Twenty dollars. That’s what a 315-­gallon auxiliary fuel “belly tank” for a World War II P-38 Lightning fighter plane cost in the late Forties at a military-­surplus store in California. Alex Xydias, founder of So-Cal Speed Shop, bought one of the streamlined tanks back then, but cautions: “It’s not as cheap as it sounds now. You could buy a whole car for $50 back then. But I would have paid anything for it.” Xydias was going racing on the dry lakes northeast of Los Angeles. He had a chassis built using Ford Model T bits to go under his aluminum teardrop, and he mounted a Ford flathead ­V-8-60 in the tank’s tapered tail. The So-Cal belly tanker wasn’t the first, but its success on the dry lakes and later at Bonneville (where it hit 198 mph in 1952) has made it the archetypal example. Like most race cars, it was a constant work in progress. Over the years, it was fitted with different engines, wore a different streamliner body, and then was rebuilt with a custom chassis from underneath. Some 40 years after the belly tanker’s racing career ended, collector Bruce Meyer found it, or its pieces anyway, and had it restored. “I couldn’t understand why Bruce was so happy to find all those old, rusted parts,” Xydias says. He’s happy now too.

A.

Photo credit: illustration by john lawson
Photo credit: illustration by john lawson

In its final form, the belly tanker used a Ford Model A front suspension with a transverse leaf spring and archaic Hartford friction shocks. Then So-Cal builder Dave DeLangton drilled speed holes in every bit he could and had all the pieces cadmium coated. Chrome would have been a little showy for a race car.

B.

Photo credit: illustration by john lawson
Photo credit: illustration by john lawson

The accelerator pedal is about the only carlike control in the belly tanker.

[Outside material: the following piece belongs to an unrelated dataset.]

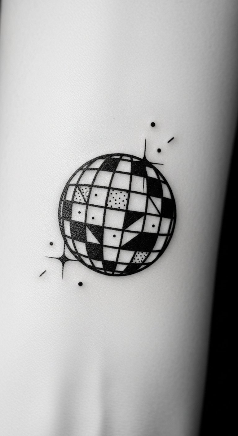 A minimalist disco ball tattoo captures the essence of this iconic symbol with simplicity and elegance.

The steering yoke is the same one used in a Douglas A-26 bomber. The brakes are activated by the vertical lever to the left of the yoke. The clutch is operated by the horizontal lever to the right. And there’s a hand pump to the driver’s left for the pressurized fuel system.

C.

Photo credit: illustration by john lawson
Photo credit: illustration by john lawson

The tight engine bay saw a variety of flathead engines over the years (three in the 1952 Bonneville Nationals alone). It’s currently fitted with an AB block with a row of four Stromberg 97 carburetors. Note that the rear two carbs have had their throats cut at an angle so they fit under the tapered body. The tank between the driver and the engine is for coolant. The vehicle has no radiator or fan.

D.

Photo credit: illustration by john lawson
Photo credit: illustration by john lawson

Mounted atop the rear end is a small fuel tank (that’s right, a fuel tank inside a fuel tank). By the end of the belly tanker’s racing career, Xydias was mixing nitro­methane into the gasoline for extra power. At Bonneville in 1952, Xydias found himself in a pitched battle against another belly tanker powered by a then-new Chrysler Hemi. He pushed the nitro mix to 40 percent, but the engine couldn’t take it, and he “tuliped a valve.” That was the end of that.

E.

Photo credit: illustration by john lawson
Photo credit: illustration by john lawson

A Ford transmission with only its high gear sends power to a Halibrand quick-change rear end in the center of a solidly mounted Ford axle housing. So, the belly tanker did not accelerate quickly or tolerate bumps, but it at least had very little braking power. The rear drum brakes are from a late-­Forties Ford road car. And the front brakes, well, there are no front brakes.